§ **TASK STATEMENT**: Set out word for word the line that contains "2. Spinach and" and each line after it, through the end of the data below, but exclude the pictures.

§ **GIVEN DATA**:
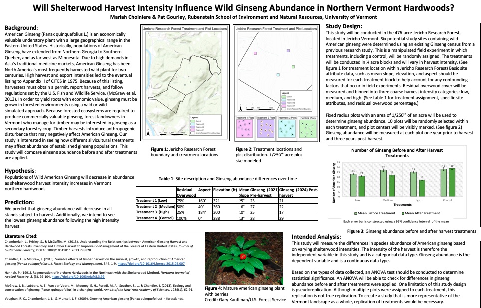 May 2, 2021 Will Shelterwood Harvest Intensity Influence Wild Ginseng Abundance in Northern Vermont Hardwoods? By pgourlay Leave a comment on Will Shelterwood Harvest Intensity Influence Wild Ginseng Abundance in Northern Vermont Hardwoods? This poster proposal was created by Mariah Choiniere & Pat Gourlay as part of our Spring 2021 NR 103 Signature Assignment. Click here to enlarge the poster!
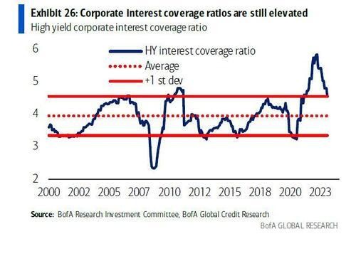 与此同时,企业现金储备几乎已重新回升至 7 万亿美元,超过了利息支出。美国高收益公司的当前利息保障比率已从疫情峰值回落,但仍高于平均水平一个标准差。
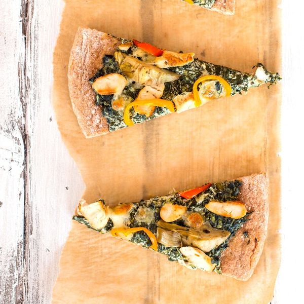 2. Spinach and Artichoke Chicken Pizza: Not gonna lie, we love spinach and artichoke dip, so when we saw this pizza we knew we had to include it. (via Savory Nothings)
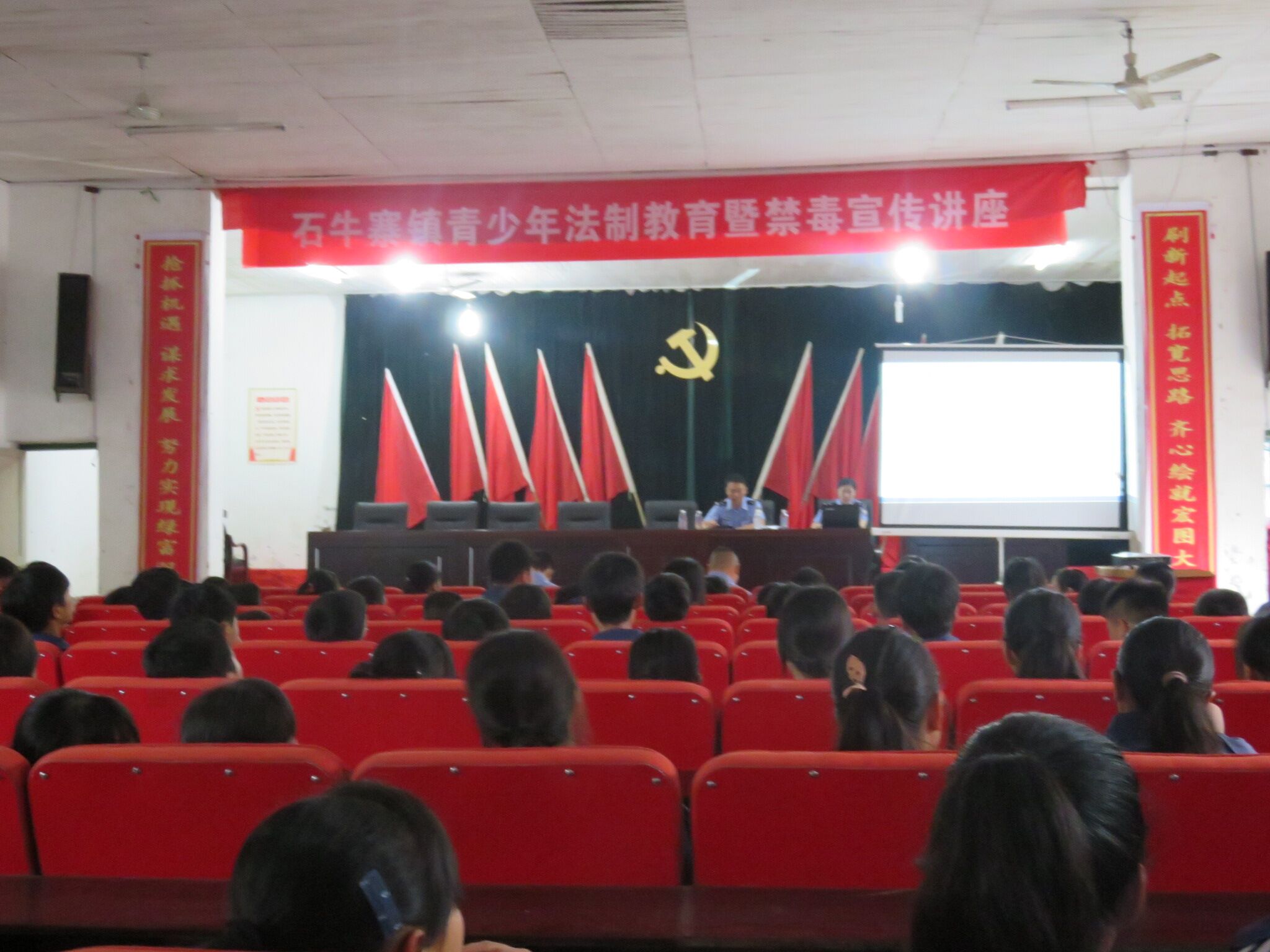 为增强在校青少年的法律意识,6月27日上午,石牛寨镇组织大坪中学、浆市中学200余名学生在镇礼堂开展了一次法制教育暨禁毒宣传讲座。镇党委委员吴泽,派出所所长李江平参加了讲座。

§ **RESULT FOR THIS TASK**:
 2. Spinach and Artichoke Chicken Pizza: Not gonna lie, we love spinach and artichoke dip, so when we saw this pizza we knew we had to include it. (via Savory Nothings)
 为增强在校青少年的法律意识,6月27日上午,石牛寨镇组织大坪中学、浆市中学200余名学生在镇礼堂开展了一次法制教育暨禁毒宣传讲座。镇党委委员吴泽,派出所所长李江平参加了讲座。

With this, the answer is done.